## TRY IT
Where in the material does the word "your" appear? Copy each line that has it.
===
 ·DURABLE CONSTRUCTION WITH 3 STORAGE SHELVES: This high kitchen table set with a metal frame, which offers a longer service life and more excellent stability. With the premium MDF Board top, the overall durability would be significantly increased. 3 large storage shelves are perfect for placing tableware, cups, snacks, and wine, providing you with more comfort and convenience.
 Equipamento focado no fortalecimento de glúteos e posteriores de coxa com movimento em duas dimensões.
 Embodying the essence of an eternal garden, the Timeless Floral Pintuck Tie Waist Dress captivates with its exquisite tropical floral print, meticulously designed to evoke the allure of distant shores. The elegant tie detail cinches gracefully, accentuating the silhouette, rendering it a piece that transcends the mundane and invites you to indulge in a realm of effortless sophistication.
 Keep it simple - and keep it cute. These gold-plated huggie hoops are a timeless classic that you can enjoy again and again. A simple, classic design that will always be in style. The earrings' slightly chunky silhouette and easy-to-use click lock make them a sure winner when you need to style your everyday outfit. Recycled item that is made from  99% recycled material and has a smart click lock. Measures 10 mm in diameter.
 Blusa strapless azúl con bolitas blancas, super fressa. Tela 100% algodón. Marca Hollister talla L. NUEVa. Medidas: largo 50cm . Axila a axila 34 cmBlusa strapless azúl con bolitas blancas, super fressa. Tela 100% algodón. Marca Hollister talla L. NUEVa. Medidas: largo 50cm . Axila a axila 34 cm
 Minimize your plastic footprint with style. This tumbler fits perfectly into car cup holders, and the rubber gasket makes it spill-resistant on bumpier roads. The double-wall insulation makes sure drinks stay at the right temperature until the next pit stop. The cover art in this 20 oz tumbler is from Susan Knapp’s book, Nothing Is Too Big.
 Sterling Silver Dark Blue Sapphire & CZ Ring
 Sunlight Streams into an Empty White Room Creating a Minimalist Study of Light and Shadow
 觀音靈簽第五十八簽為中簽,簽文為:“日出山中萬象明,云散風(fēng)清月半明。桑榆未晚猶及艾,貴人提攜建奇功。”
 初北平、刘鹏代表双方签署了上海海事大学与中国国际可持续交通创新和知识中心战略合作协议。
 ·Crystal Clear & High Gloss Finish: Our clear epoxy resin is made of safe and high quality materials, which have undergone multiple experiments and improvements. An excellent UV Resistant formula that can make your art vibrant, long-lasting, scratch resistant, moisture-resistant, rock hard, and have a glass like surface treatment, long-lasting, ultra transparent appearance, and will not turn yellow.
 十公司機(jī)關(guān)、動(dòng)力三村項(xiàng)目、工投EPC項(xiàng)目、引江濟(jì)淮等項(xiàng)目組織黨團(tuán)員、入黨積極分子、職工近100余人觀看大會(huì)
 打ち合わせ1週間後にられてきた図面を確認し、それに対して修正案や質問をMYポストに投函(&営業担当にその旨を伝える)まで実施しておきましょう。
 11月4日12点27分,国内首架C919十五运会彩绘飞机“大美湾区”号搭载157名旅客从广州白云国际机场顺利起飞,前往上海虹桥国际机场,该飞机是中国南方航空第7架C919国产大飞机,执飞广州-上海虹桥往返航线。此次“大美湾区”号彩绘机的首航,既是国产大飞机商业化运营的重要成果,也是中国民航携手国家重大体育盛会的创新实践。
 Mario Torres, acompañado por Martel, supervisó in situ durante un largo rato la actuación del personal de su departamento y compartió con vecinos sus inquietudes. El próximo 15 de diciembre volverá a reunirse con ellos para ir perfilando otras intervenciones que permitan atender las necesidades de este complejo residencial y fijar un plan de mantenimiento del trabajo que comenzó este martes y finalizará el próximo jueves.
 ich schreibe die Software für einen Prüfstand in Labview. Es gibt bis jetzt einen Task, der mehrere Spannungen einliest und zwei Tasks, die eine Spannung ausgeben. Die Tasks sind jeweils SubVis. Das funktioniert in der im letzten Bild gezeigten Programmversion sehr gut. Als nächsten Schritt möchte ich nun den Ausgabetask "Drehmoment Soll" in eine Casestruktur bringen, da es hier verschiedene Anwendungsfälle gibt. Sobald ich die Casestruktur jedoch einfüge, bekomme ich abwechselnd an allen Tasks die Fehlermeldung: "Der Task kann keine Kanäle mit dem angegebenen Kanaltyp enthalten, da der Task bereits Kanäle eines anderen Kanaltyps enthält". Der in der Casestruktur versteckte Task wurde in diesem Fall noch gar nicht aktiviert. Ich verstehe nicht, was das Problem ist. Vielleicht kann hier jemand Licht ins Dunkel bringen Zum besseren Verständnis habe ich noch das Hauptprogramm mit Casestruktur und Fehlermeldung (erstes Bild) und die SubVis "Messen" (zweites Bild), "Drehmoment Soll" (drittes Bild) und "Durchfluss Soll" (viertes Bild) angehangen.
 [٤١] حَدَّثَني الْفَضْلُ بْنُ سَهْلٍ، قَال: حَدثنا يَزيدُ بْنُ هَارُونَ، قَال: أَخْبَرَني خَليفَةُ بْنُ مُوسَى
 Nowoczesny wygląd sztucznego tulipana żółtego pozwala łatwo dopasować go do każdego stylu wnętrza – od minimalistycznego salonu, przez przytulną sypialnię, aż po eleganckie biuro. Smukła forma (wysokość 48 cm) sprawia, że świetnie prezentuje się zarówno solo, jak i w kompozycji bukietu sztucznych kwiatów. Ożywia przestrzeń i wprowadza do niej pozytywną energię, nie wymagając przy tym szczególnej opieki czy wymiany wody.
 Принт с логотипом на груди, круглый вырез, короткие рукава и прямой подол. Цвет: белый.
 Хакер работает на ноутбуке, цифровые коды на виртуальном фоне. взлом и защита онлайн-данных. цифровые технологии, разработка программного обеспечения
===
## EXERCISE ANSWER
 Keep it simple - and keep it cute. These gold-plated huggie hoops are a timeless classic that you can enjoy again and again. A simple, classic design that will always be in style. The earrings' slightly chunky silhouette and easy-to-use click lock make them a sure winner when you need to style your everyday outfit. Recycled item that is made from  99% recycled material and has a smart click lock. Measures 10 mm in diameter.
 Minimize your plastic footprint with style. This tumbler fits perfectly into car cup holders, and the rubber gasket makes it spill-resistant on bumpier roads. The double-wall insulation makes sure drinks stay at the right temperature until the next pit stop. The cover art in this 20 oz tumbler is from Susan Knapp’s book, Nothing Is Too Big.
 ·Crystal Clear & High Gloss Finish: Our clear epoxy resin is made of safe and high quality materials, which have undergone multiple experiments and improvements. An excellent UV Resistant formula that can make your art vibrant, long-lasting, scratch resistant, moisture-resistant, rock hard, and have a glass like surface treatment, long-lasting, ultra transparent appearance, and will not turn yellow.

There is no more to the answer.